Sunday, March 8, 2009

Black and white and so colorful

About three years ago, Brazilian dance troupe Grupo Corpo stunned a Mondavi Center audience with its sensual, provocative dance "Onqotô."

The theme of the dance was "loneliness, brought on by metaphysical questions like 'Who am I?' or 'Where am I?' " explains choreographer Rodrigo Pederneiras, one of six siblings who founded the company in Belo Horizonte, Brazil, in 1975.

This Friday, Pederneiras' company returns to the Mondavi Center with another dance that is sure to thrill, delight – and challenge.

Pederneiras describes the work, titled "Breu," as "a poetic translation of the violent, barbarous times we live in."

"Breu" debuted at the troupe's home theater, the 1,700-seat Palácio das Artes in Belo Horizonte, in 2007 and was performed on the East Coast of the United States and in Canada last year.

Joel Lobenthal of the New York Sun described its New York premiere as "a dazzling display of punishing virtuosity" and John Rockwell of the New York Times called "Breu" "a brilliant physical display."

Belo Horizonte, a city of 3 million roughly 300 miles north of Rio De Janeiro and the South Atlantic Ocean, has embraced Grupo Corpo.
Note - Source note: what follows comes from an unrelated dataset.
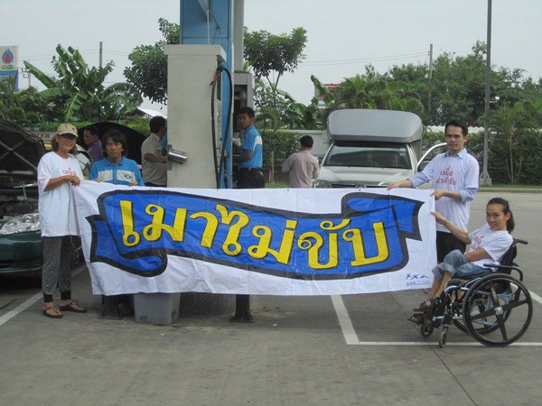 สมาชิกเครือข่ายเหยื่อเมาแล้วขับ กรุงเทพมหานคร รณรงค์เมาไม่ขับ ร่วมแจกสื่อ สติ๊กเกอร์ แผ่นพับ ให้ประชาชน บริเวณ ปั้มน้ำมัน ปตท. เมื่อวันที 18 กันยายน พ.ศ.2558 ที่ผ่านมา

Indeed, the troupe is the most successful dance company in Brazil – and well-regarded internationally.

Pederneiras has choreographed for the Municipal Ballet Theater of Rio de Janeiro, the City Ballet of Sao Paulo, Les Ballets Jazz Montreal, the Deutch Opera Berlin and the Opera du Rhin in France.
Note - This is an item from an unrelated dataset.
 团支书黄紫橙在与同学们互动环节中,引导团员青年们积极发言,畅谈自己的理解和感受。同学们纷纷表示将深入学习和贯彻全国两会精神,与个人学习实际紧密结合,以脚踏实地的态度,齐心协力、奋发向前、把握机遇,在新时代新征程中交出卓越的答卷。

Mixing genres that show the varied influences of Brazilian culture, Pederneiras creates dances that, though grounded in ballet techniques, are basically modern dance, performed barefoot or in regular shoes, and with allusions to such popular dance as Brazilian street dance, ballroom and African dance.

Jeremy Ganter, associate executive director and director of programming at the Mondavi Center, was responsible for bringing the troupe here in 2006 – and in booking its return as quickly as schedules would allow.

"To me, they are the unsung heroes of modern dance," he said. "... They are in the same league as Alvin Ailey in terms of being a group we want to continue a relationship with and bring back. The quality of their dancers is definitely comparable."

In an e-mail exchange, choreographer Pederneiras discussed the dance, his approach to creating and arranging dance and the "Brazilness" of what he does.

"Breu," he says, "is my most radical dance movement in 30 years as a choreographer. In order to express in movement the complex, piercing score by singer and composer Lenine, the dancers and I had to leave behind the sensuality, lyricism and joy that had characterized the group's work since 1992 and initiate new forms of movement."

Asked how that movement differs from his previous works, the choreographer responds: "The forms are harsher, more angular and more powerful than predecessors. The abrupt falls and the painfully slow upward movements of the dancers appear to condemn their bodies to the ground, where they move with the aid of the pelvis, wrists, elbows, knees, ankles and heels."

The accompanying music is "a stimulating babel of sound," Pederneiras says. The original score ranges from hard rock to traditional Brazilian genres. The scenery (by brother Paulo Pederneiras) features huge, cold plaques of shining black tiles.

"The costumes (by Freusa Zechmeister) feature black-and-white leotards that divide the body in half, front to back – the back being solid black so that under the lights, "for split seconds, they seem to become one with the scenery," the choreographer says.

(You can see a short excerpt from "Breu" by clicking on the video link on the Grupo Corpo entry at www.mondaviarts.org.)

Grupo Corpo dance, Pederneiras says, explores a private world, where dynamics and balance have more meaning than movement.

"Our body learned how to dance on the street, and my language is a modern one," he says, "using peculiar forms of Brazilian popular dances in order to create a rhythm vocabulary all my own."

Classical ballet techniques were the basis of his choreography, Pederneiras says, and daily classical training still is woven into his dancers' workout routines.

Pederneiras has largely chosen to use the work of Brazilian composers since 1992. (The only exceptions are Ernesto Lecuono ("the Cuban Gershwin") whose work accompanied the 2006 Mondavi program and Philip Glass whose music accompanies "Seven or Eight Pieces for a Ballet" on this year's program.)

Grupo Corpo tours with a troupe of about 30, and while the economy is affecting the arts in Brazil as it is in the United States, "We didn't change anything because of the economic crisis," he says. "This tour was planned a long time ago."

In Brazil, in addition to performing in Belo Horizonte, Grupo Corpo regularly performs to sold-out crowds at the 2,240-seat Theatro Municipal in Rio de Janeiro and at the 1,130-seat Teatro Alfa in Sao Paulo.

The company had an invitation to perform at the Moscow Dance Festival this year, but the event was canceled because of lack of funding.

The troupe, instead, will "take this opportunity to tour more in Brazil, where we have a big demand," Pederneiras says. "It's a big country and usually we don't have enough time to tour (everywhere we'd like)."